1. В среде GoogleColab создали блокнот(notebook.ipynb).
import os
os.chdir('/content/drive/MyDrive/Colab Notebooks')
- импорт модулей
import numpy as np
import lab02_lib as lib
2. Генерация датасета
data=lib.datagen(1,1,1000,2)
- Вывод данных и размерности
print('Исходные данные:')
print(data)
print('Размерность данных:')
print(data.shape)
Исходные данные:
[[1.13623025 1.07517135]
[1.03093312 1.06813773]
[0.97208689 1.0748715 ]
... [1.19215258 0.990978 ]
[0.95942384 0.94390713]
[1.04279375 1.03934433]]
Размерность данных:
(1000, 2)
3. Создание и обучение автокодировщика AE1
patience= 10
ae1_trained, IRE1, IREth1= lib.create_fit_save_ae(data,'out/AE1.h5','out/AE1_ire_th.txt', 50, True, patience)

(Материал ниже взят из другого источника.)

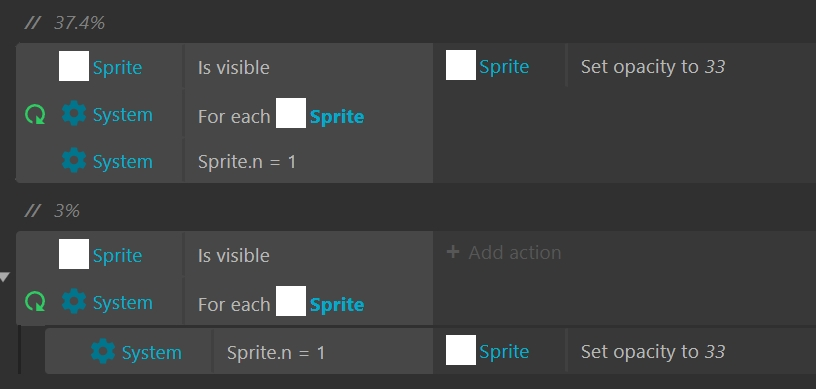 DummyFunction: Pick Sprite by UID , Pick Sprite Child , Set child opacity to 55
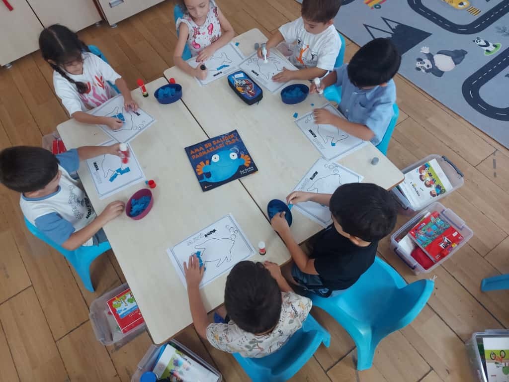 5 YAŞ MİNİK KALPLER ÖĞLE GRUBU MAVİ RENK GÜNÜ VE BAHÇE SAATİ
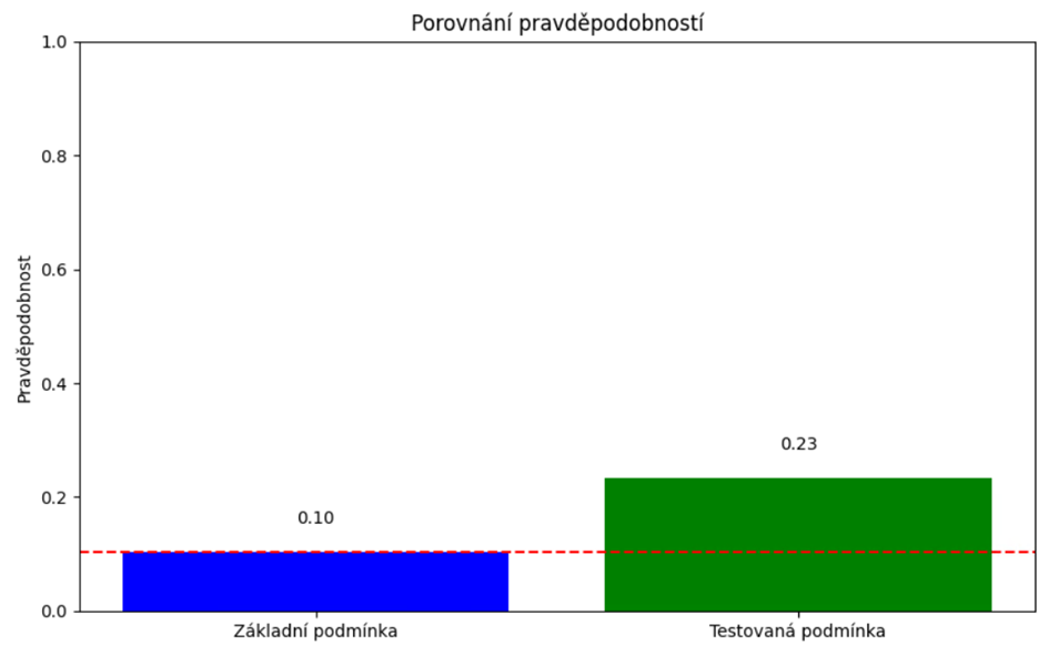 V edge finderu hledáme jen obecné tendence. Má určitá kombinace kontextu vliv na to, jak se bude trh vyvíjet následující den? Pokud ano, vidíme například výrazně zvýšenou pravděpodobnost výskytu trendového dne vůči běžnému průměrnému dni. Jeden z vyhlídnutých edge vypadá například takto:
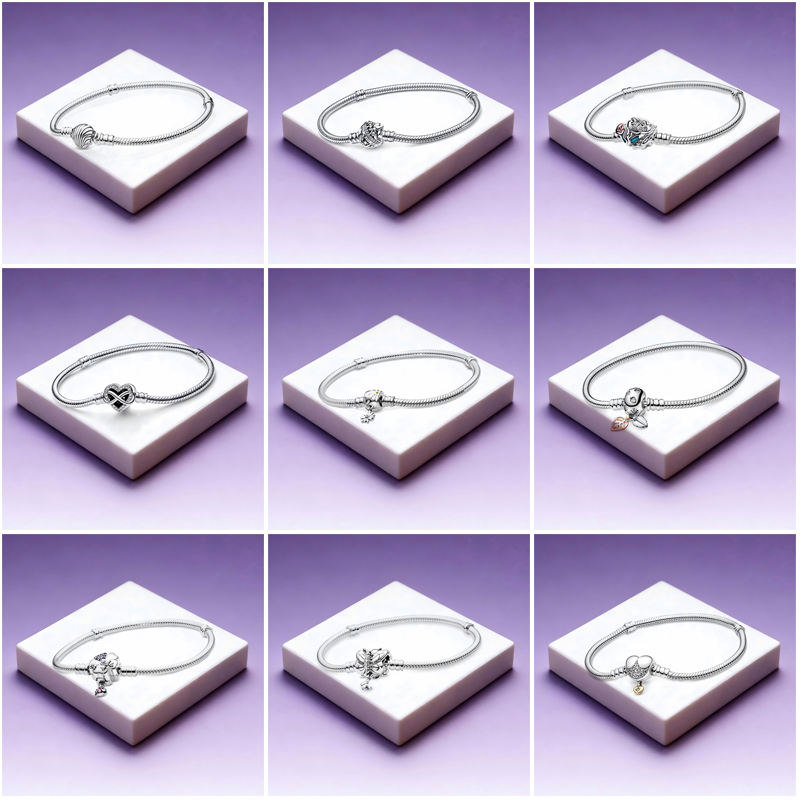 Pulseras Pandora de Plata de Ley 925 Auténticas de Alta Calidad con Cadena de Serpiente y Circonitas, en Oferta, para Mujer

Задать архитектуру автокодировщиков или использовать архитектуру по умолчанию? (1/2): 1
Задайте количество скрытых слоёв (нечетное число) : 3
Задайте архитектуру скрытых слоёв автокодировщика, например, в виде 3 1 3 : 3 1 3
Epoch 1/50
1/1 ━━━━━━━━━━━━━━━━━━━━ 1s 1s/step - loss: 1.7463
Epoch 2/50
1/1 ━━━━━━━━━━━━━━━━━━━━ 0s 32ms/step - loss: 1.7342
...
Epoch 49/50
1/1 ━━━━━━━━━━━━━━━━━━━━ 0s 51ms/step - loss: 1.2118
Epoch 50/50
1/1 ━━━━━━━━━━━━━━━━━━━━ 0s 50ms/step - loss: 1.2019
4. Построение графика ошибки реконструкции обучающей выборки. Вывод порога ошибки реконструкции – порога обнаружения аномалий.
patience= 10
ae1_trained, IRE1, IREth1= lib.create_fit_save_ae(data,'out/AE1.h5','out/AE1_ire_th.txt', 50, True, patience)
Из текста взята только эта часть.